Let $i \geq 1$. Then $x_i = x_{2i}$ if and only if $i \geq \mu$ and $i = k\lambda$ for some $k \geq 1$.

$\Longleftarrow$ Suppose that $i \geq \mu$ and $i = k\lambda$. Since $i \geq \mu$, we have $x_{i+t\lambda} = x_i$ for all $t \geq 0$. In particular, choosing $t := k$, we get $x_{2i} = x_{i+k\lambda} = x_i$.

$\Longrightarrow$ Suppose that $x_i = x_{2i}$. If $i < \mu$ then $x_j = x_i$ if and only if $j = i$. Since $2i \neq i$ (as $i \neq 0$), this contradicts the assumption $x_i = x_{2i}$, showing that $i \geq \mu$.

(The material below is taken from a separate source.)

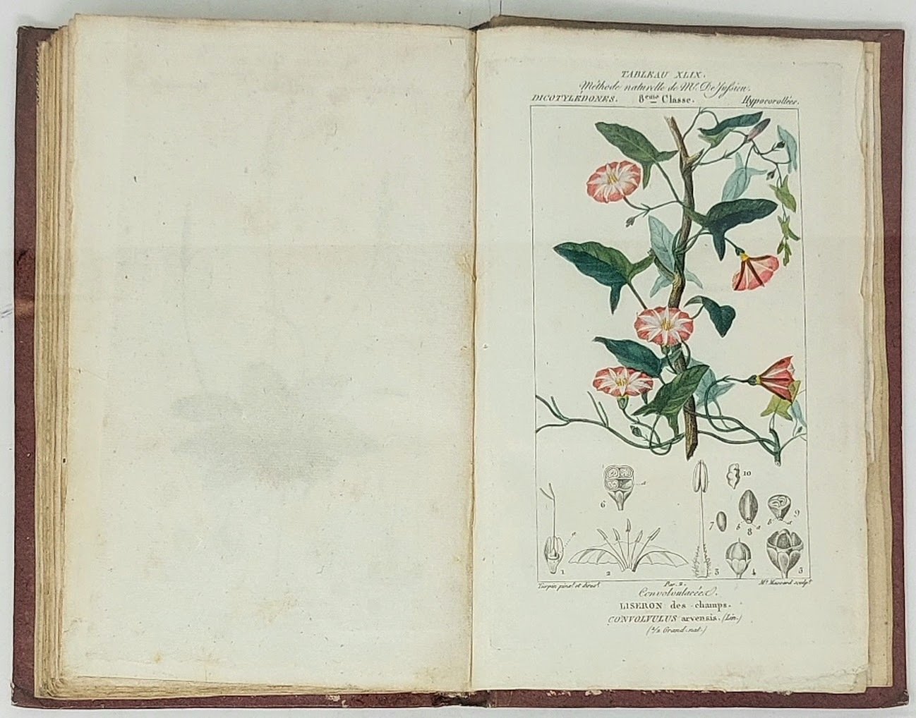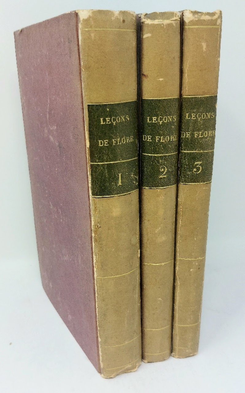 >3 vol. in-8, pp. (2), 278, (6) e 36 tavole a colori f.t. - pp. 174, 3 e 20 tav. colorate. f.t. - pp. 199, 8 tavole a colori e 2 b/n, ripiegate f.t.. Legatura edit. cartonato rigido, tit. oro su tassello al dorso. Prima edizione di questa importante opera di botanica, che venne impressa in quattro diversi formati: in-4, in-8 (tiratura riservata ai sottoscrittori. Il presente esempl. appartiene a qs. tiratura); ed in-folio, una tiratura limitata di 10 copie. Per i tre formati vennero usati i medesimi caratteri di stampa. Poiret scrisse i primi due volumi, mentre Turpin si dedicò al terzo, che ha come sottotitolo "Essai d'une iconographie élémentaire et philosophique des végétaux". Turpin fu uno dei migliori disegnatori di botanica del suo tempo e le 66 tav. (delle quali 64 a col.), furono tutte eseguite da lui. Fu notevolmente influenzato da Van Spaëndonck e Redouté. L'incontro con Poiret, avvenuto a S. Domingo, suscitò in Turpin un forte interesse verso la botanica e la storia naturale; insieme, collaborarono ad alcune tra le più importanti pubblicazioni di botanica dell'800, in particolare a quelle di Humboldt, Bompland e Kunth. Bell'esemplare con qualche usuale arrossatura della carta. Great Flower Books, p. 71; Dunthorne 227; Stafleu TL2 8115. Pritzel, 7234.

Since $i \geq \mu$, $x_i = x_{\mu + [(i-\mu) \bmod \lambda]}$. Similarly, $x_{2i} = x_{\mu + [(2i-\mu) \bmod \lambda]}$. Since $x_\mu,\ldots,x_{\mu+\lambda-1}$ are all distinct, it follows that $i-\mu \bmod \lambda = 2i-\mu \bmod \lambda$, and so $i$ is a multiple of $\lambda$.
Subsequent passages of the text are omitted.